Colin Berry, Executive Director of the Humane Society, says neutering/neutering is not included. and the ongoing and individual medical needs for the animal following immediate care.

Of the 113 dogs and cats removed from their homes in Hancock, five dogs and 11 cats were euthanized and a 12th cat died, Mowery said. Some of the rescued animals were pregnant. with 29 puppies later born. Among those puppies Seven of them died at birth.


Berry said all the surviving animals have been adopted.

“Communities, they are the people who save these animals through donations, volunteering, fostering and adoption,” Berry said. “Many of these families are still fighting with dogs that have just learned to be dogs.”

When the dogs and cats were rescued in June 2021, the nonprofit asked for donations to take care of them and raised about $16,000. donate those

“It’s a relief that at least part of the case is behind us. And for these animals to get justice for everything they go through,” Berry said.

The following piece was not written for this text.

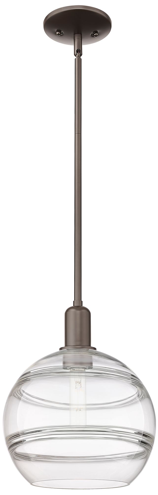 Arcadia Rochester 10"W Oiled Bronze Stem Mini Pendant w/ Clear Shade
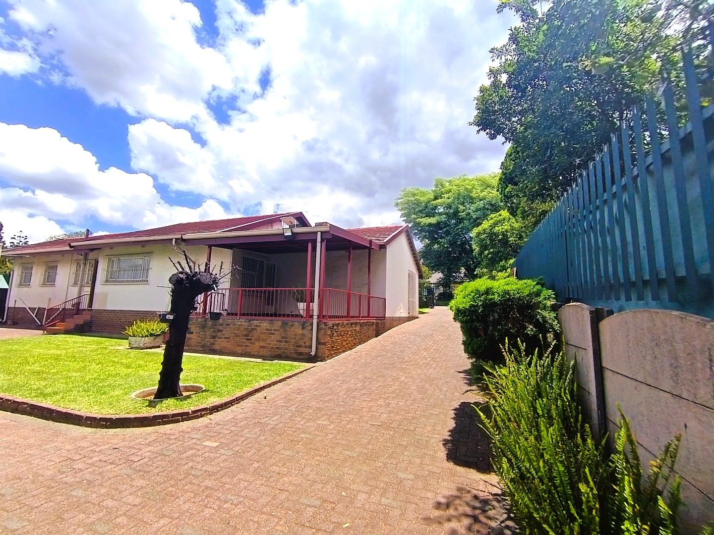 Discover this spacious 3-bedroom, 2.5-bathroom family home located in the established suburban area of Hazelpark, Germiston. Boasting a generous Erf size of 991 sqm and a floor size estimated to 240 sqm, this property offers ample space for comfortable living and outdoor enjoyment. The exterior presents a traditional aesthetic with a red tiled roof, white walls, and attractive stone cladding, complemented by a well-maintained green lawn and mature trees that enhance its curb appeal. A large paved driveway leads to a double carport, providing extensive parking for up to eight vehicles, ensuring convenience for residents and guests.

Lakovic said the offer was extended to Barry Powell in his appeal case.

His appeal hearing is scheduled for October. According to his online case document

Co-defendant pleads guilty to animal cruelty case

Kelly Powell told Wilson, “Now I know I should act differently and do something faster. But I felt trapped while my father told me I had no place to live… and knew I was the only one who could take care of him.”

“I’m sorry about the whole thing. And I’m devastated,” Powell said.

One of Powell’s public defenders, Sean Mukherjee, said this was a mental health case.

Another public defender for Powell, Garrett Byron, said Powell’s parents had a few dogs when she returned home to care for her ailing mother. when her mother died With fewer than 20 dogs in the house, Powell’s father had an obsession. and a power struggle between the Powell family and her father

Within five to six days her father suffered a stroke. The animals were then removed from the home, Byron said.

Lackovic said that when Humane Society officials responded to the House in June 2021 after receiving information from the deputy. Powell agreed to sign the ownership of the animals to the Humane Society.

Byron said Powell struggled with various mental health conditions. Including post-traumatic stress disorder and going to see a therapist.

“This is a very challenging family transition,” said Mukherjee. Powell begged her father to find a place to stay. She acknowledged that she should have done more. Act faster, he said.

Powell spent three days in jail, which was an “eye-opening experience” for her, Muckerje said. Powell collects more compensation to pay off the society’s debt.